Sie kletterte vom Felsen und forderte Ruac auf, mitzukommen. Tragen konnte sie ihn nicht mehr, denn dafür war er inzwischen zu schwer. Glücklicherweise tat er meistens, was sie sagte. Mit dem Tatzelwurm im Schlepptau ging sie zu ihrem Vater und Lucien, die bei ihrem Gepäck warteten. Die beiden Männer hatten kaum gesprochen, seit sie von der alten Bergfestung aufgebrochen waren. Auch jetzt schwiegen sie. Niemand, der diese Schlucht und das Dunstmeer unter dem glühenden Himmel erblickte, blieb davon unberührt, nicht einmal Lucien, der in seinem langen Leben gewiss schon vieles gesehen hatte.
»Gibt es einen Weg nach unten?«, erkundigte sich der Alb.
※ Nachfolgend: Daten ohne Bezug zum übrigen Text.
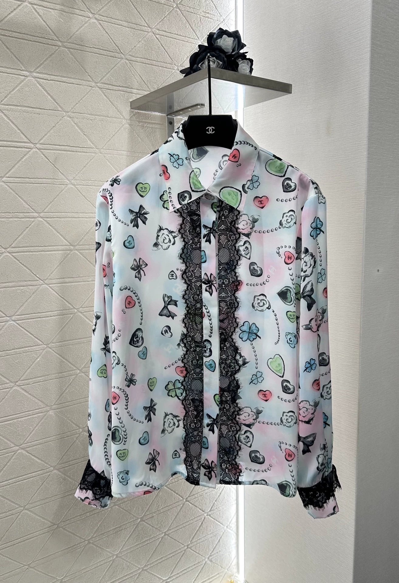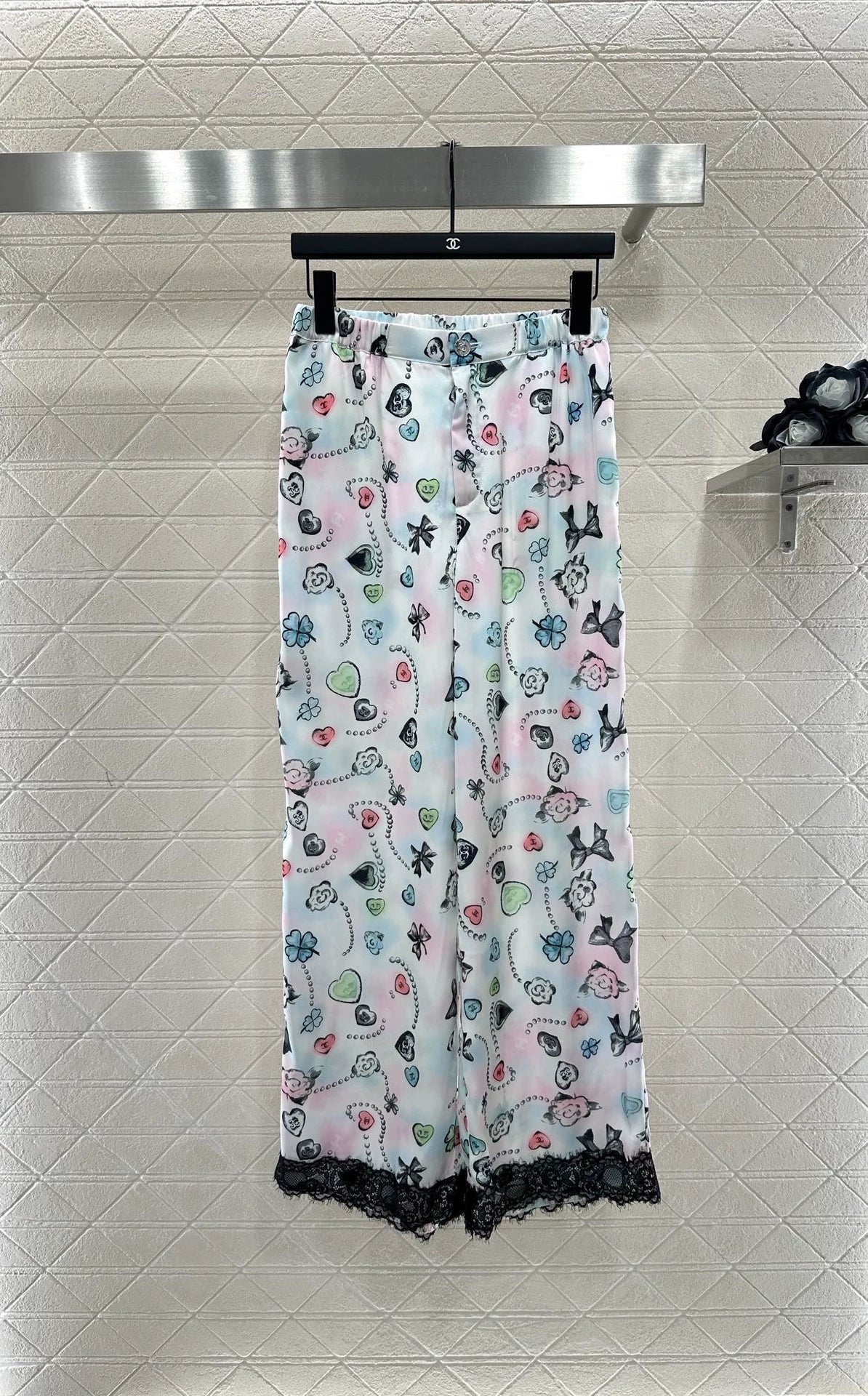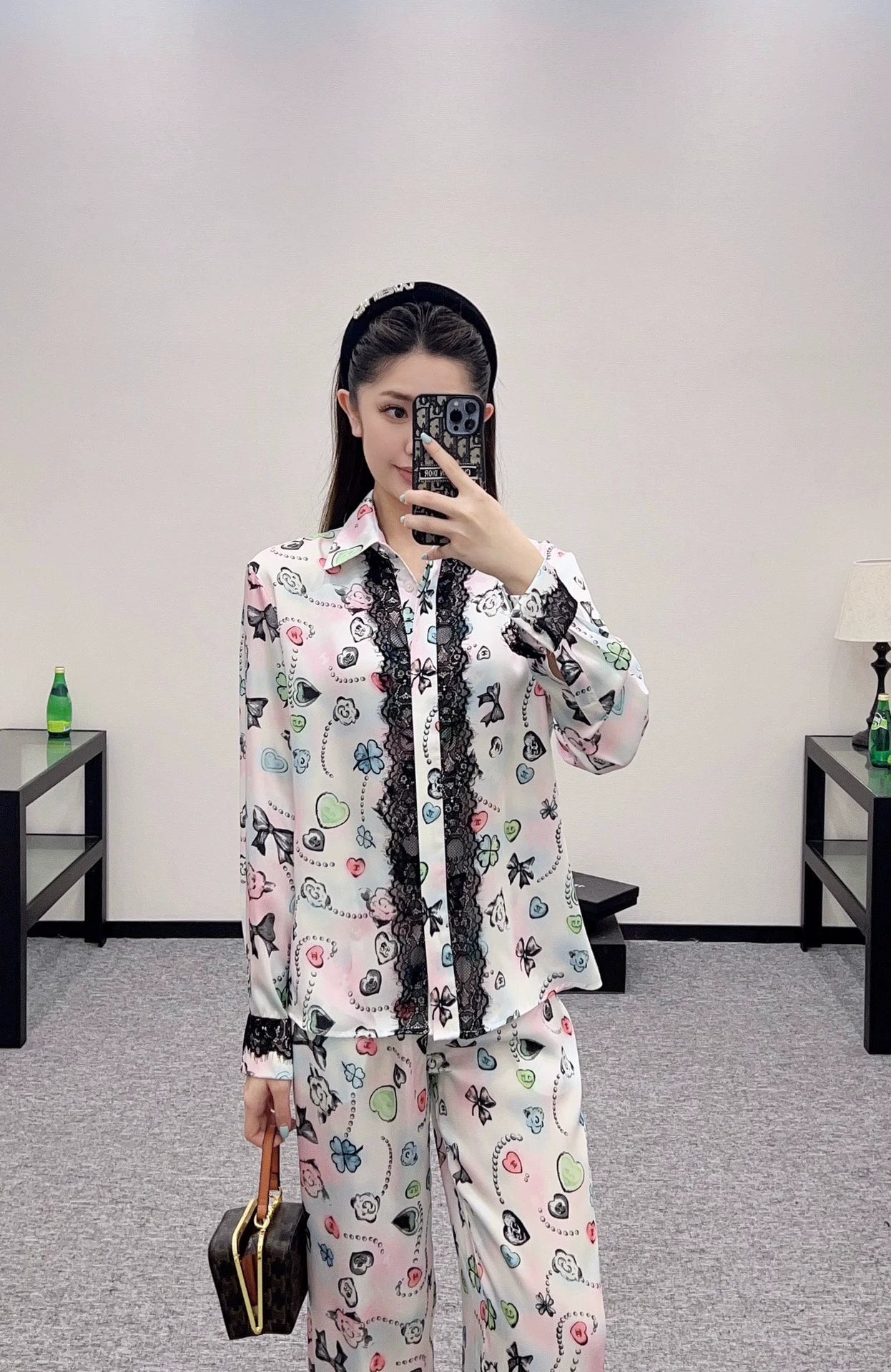 Customized YB imported twill fabric for a lustrous, smooth, and stylish drape. This lapel-collared, long-sleeved shirt and pant set features all-over prints of classic Xiangjia motifs, including camellias, hearts, and double C chains, enhancing brand recognition. The pale pastel blue base creates a strong holiday vibe. Lace trimmings on the front and cuffs create a striking accent, complementing the trouser hem for a stylish and fashionable look. The lightweight feel is perfect for summer, concealing body contours and creating a slimming effect. Custom fabrics and accessories available. Look for the high-end version.

»Schwer zu sagen«, antwortete Vivana. »Bei all dem Dunst kann man kaum etwas erkennen.«
»Auf der Karte ist ein Abstieg verzeichnet, der zu einer Brücke führt. Eine Treppe, falls die Kritzelei nicht symbolisch gemeint ist. Sie muss hier irgendwo sein. Haltet nach Ruinen Ausschau.« Lucien schulterte seinen Rucksack und ging los, gefolgt von Vivana, ihrem Vater und Ruac. Da sie dem Verlauf der Schlucht folgen mussten, konnten sie nur nach links oder rechts gehen. Lucien hatte sich für rechts entschieden, was genauso gut wie die andere Richtung war, denn seine Karte war viel zu ungenau, um den Abstieg zum Fluss exakt zu lokalisieren.
Es dauerte nicht lange, bis sie auf Ruinen stießen, allerdings nicht am Rand der Schlucht, sondern darin. Wie Klippen und Riffe wuchsen sie aus dem Dunst, scharfkantige Turmspitzen, Mauern, Überreste von steinernen Bögen und Pfeilern. Auf den ersten Blick erschien es Vivana, als handele es sich um viele verschiedene Gebäude, doch als sie genauer hinschaute, wurde ihr klar, dass sie sich irrte. In der Schlucht stand ein einziges Bauwerk, viel gewaltiger als alles, was sie je gesehen hatte. Allein in den Teil, den sie erkennen konnte, hätte die Kathedrale von Bradost mehrmals hineingepasst.
Kein Bauwerk – eine Stadt, dachte Vivana. Eine Stadt des Verlorenen Volkes. Sie glaubte sich zu erinnern, ähnliche Gebilde in ihrer Vision gesehen zu haben.